[Dataset items]
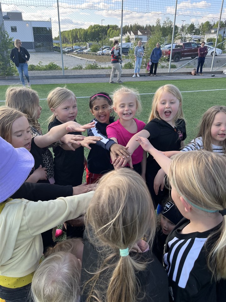 Wow, vilken dag vi fick i Gnesta! Tjejernas första sammandrag och första matchen någonsin - historia skrevs och som de gjorde det! Tuffa, coola och full fart framåt! Trots att motståndarna ibland var något eller ett par huvuden längre och större så fanns det inga tveksamheter vart bollen skulle. Tjejerna visade att det vi lärt oss på träningen gett resultat och tillsammans med massa skratt, hjulningar och dans lyckades de genomföra alla 6 matcher med bravur och ställde t om upp på en extramatch. Så efter totalt 7 matcher, uppdelat på två lag, så kunde vi åka hem från en härlig dag tillsammans med humöret på topp. Tror det var många som somnade gott den kvällen:) Tusen tack till alla föräldrar som peppade och stöttade lagen under dagen - ni är verkligen världens bästa supportrar! Extra stort tack till Emma, Richard, Andreas och Jens så som ställde upp som coacher under dagen. Ni var grymma med tjejerna, peppade, busade och uppmuntrade dem till att vara modiga och spela med glädje! Nästa sammandrag är den 3 september och jag har efterfrågat mer kring spelplats och tider, återkommer när jag fått besked. Anmälan är öppen:) Allt gott!/Anki
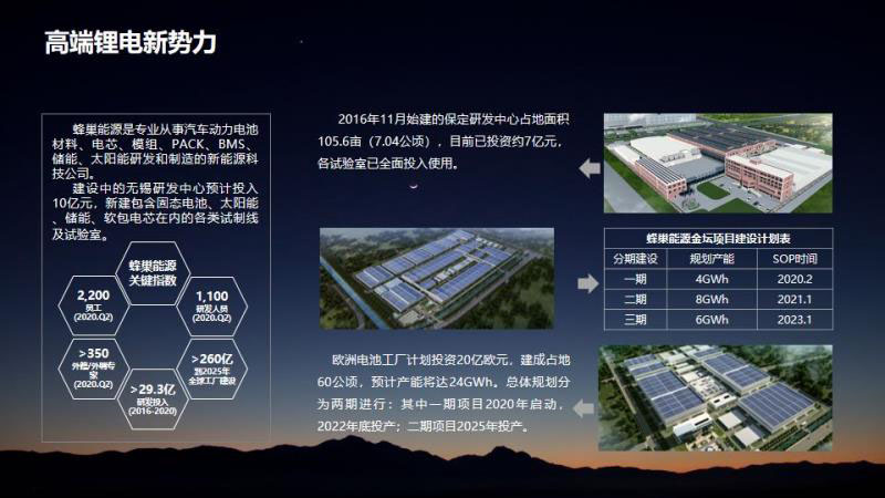 蜂巢能源的前身是長(zhǎng)城汽車(chē)動(dòng)力電池事業(yè)部,自2012年起開(kāi)展電芯的預(yù)研工作,2018年2月獨(dú)立為蜂巢能源。公司總部位于江蘇常州。是一家專(zhuān)業(yè)從事汽車(chē)動(dòng)力電池材料、電芯、模組、PACK、BMS、儲(chǔ)能、太陽(yáng)能研發(fā)和制造的新能源高科技公司。
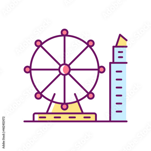 Singapore flyer RGB color icon. Large observation wheel. Amusement ride. Theme park. Giant ferris wheel. Tourist attraction in Singapore. Isolated vector illustration. Simple filled line drawing
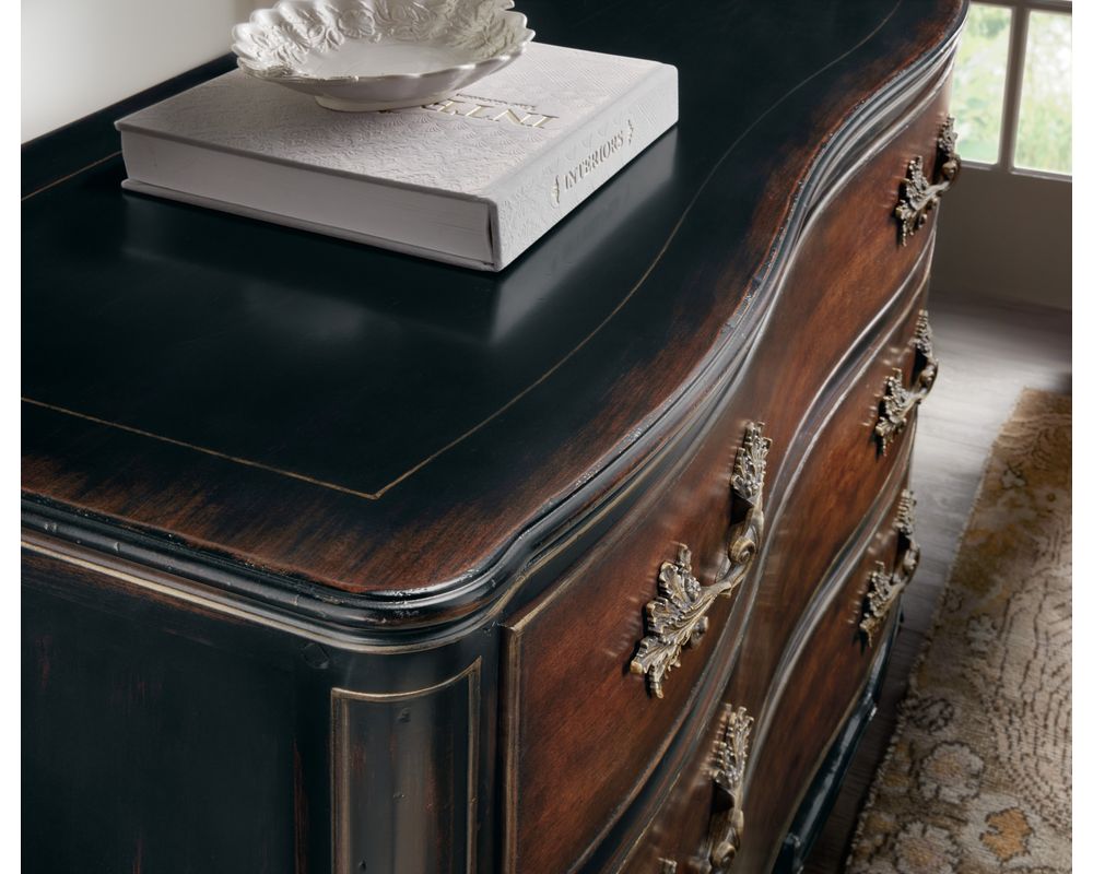 From Sofas and Sectionals.com: Introducing the elegant and functional Charleston Three-Drawer Accent Chest, perfect for adding a touch of sophistication to any room. This accent chest features a serpentine-shaped front, adding a unique and eye-catching detail to its design.
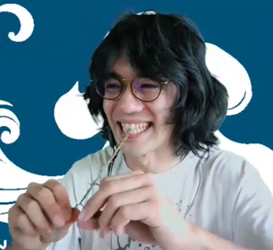 「噛みます。クルンを噛んで下さい。そして、さらに撚りをかけていきますが、撚ってた方向は今までと一緒にしてください。つまり、左右の手に持つ繊維を両方指で同じ方向に撚りながら、指でかける撚りとは反対の向きに全体を回転させる。さっき手のなかでやった縄綯いと同じことを口と手を使ってやる感じ」
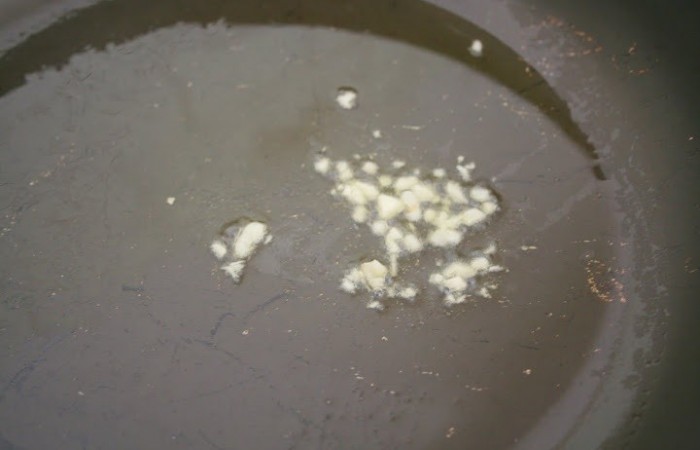 4Тем временем в отдельной сковороде обжариваем на оливковом масле мелко нарезанный чеснок.
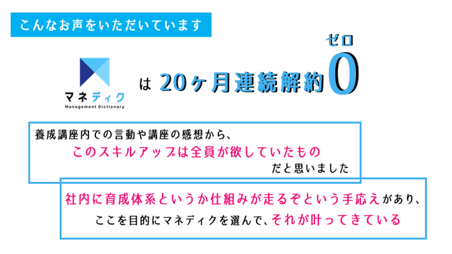 マネディクは「内部で育てられるようになる、が大きな価値」をコンセプトにした、これまでになかった管理職育成サービスです。

TASK REQUIREMENTS ▸
Each entry is to be returned precisely as it appears, but the pictures are to be dropped.

THE COMPLETED TASK ▸
 Wow, vilken dag vi fick i Gnesta! Tjejernas första sammandrag och första matchen någonsin - historia skrevs och som de gjorde det! Tuffa, coola och full fart framåt! Trots att motståndarna ibland var något eller ett par huvuden längre och större så fanns det inga tveksamheter vart bollen skulle. Tjejerna visade att det vi lärt oss på träningen gett resultat och tillsammans med massa skratt, hjulningar och dans lyckades de genomföra alla 6 matcher med bravur och ställde t om upp på en extramatch. Så efter totalt 7 matcher, uppdelat på två lag, så kunde vi åka hem från en härlig dag tillsammans med humöret på topp. Tror det var många som somnade gott den kvällen:) Tusen tack till alla föräldrar som peppade och stöttade lagen under dagen - ni är verkligen världens bästa supportrar! Extra stort tack till Emma, Richard, Andreas och Jens så som ställde upp som coacher under dagen. Ni var grymma med tjejerna, peppade, busade och uppmuntrade dem till att vara modiga och spela med glädje! Nästa sammandrag är den 3 september och jag har efterfrågat mer kring spelplats och tider, återkommer när jag fått besked. Anmälan är öppen:) Allt gott!/Anki
 蜂巢能源的前身是長(zhǎng)城汽車(chē)動(dòng)力電池事業(yè)部,自2012年起開(kāi)展電芯的預(yù)研工作,2018年2月獨(dú)立為蜂巢能源。公司總部位于江蘇常州。是一家專(zhuān)業(yè)從事汽車(chē)動(dòng)力電池材料、電芯、模組、PACK、BMS、儲(chǔ)能、太陽(yáng)能研發(fā)和制造的新能源高科技公司。
 Singapore flyer RGB color icon. Large observation wheel. Amusement ride. Theme park. Giant ferris wheel. Tourist attraction in Singapore. Isolated vector illustration. Simple filled line drawing
 From Sofas and Sectionals.com: Introducing the elegant and functional Charleston Three-Drawer Accent Chest, perfect for adding a touch of sophistication to any room. This accent chest features a serpentine-shaped front, adding a unique and eye-catching detail to its design.
 「噛みます。クルンを噛んで下さい。そして、さらに撚りをかけていきますが、撚ってた方向は今までと一緒にしてください。つまり、左右の手に持つ繊維を両方指で同じ方向に撚りながら、指でかける撚りとは反対の向きに全体を回転させる。さっき手のなかでやった縄綯いと同じことを口と手を使ってやる感じ」
 4Тем временем в отдельной сковороде обжариваем на оливковом масле мелко нарезанный чеснок.
 マネディクは「内部で育てられるようになる、が大きな価値」をコンセプトにした、これまでになかった管理職育成サービスです。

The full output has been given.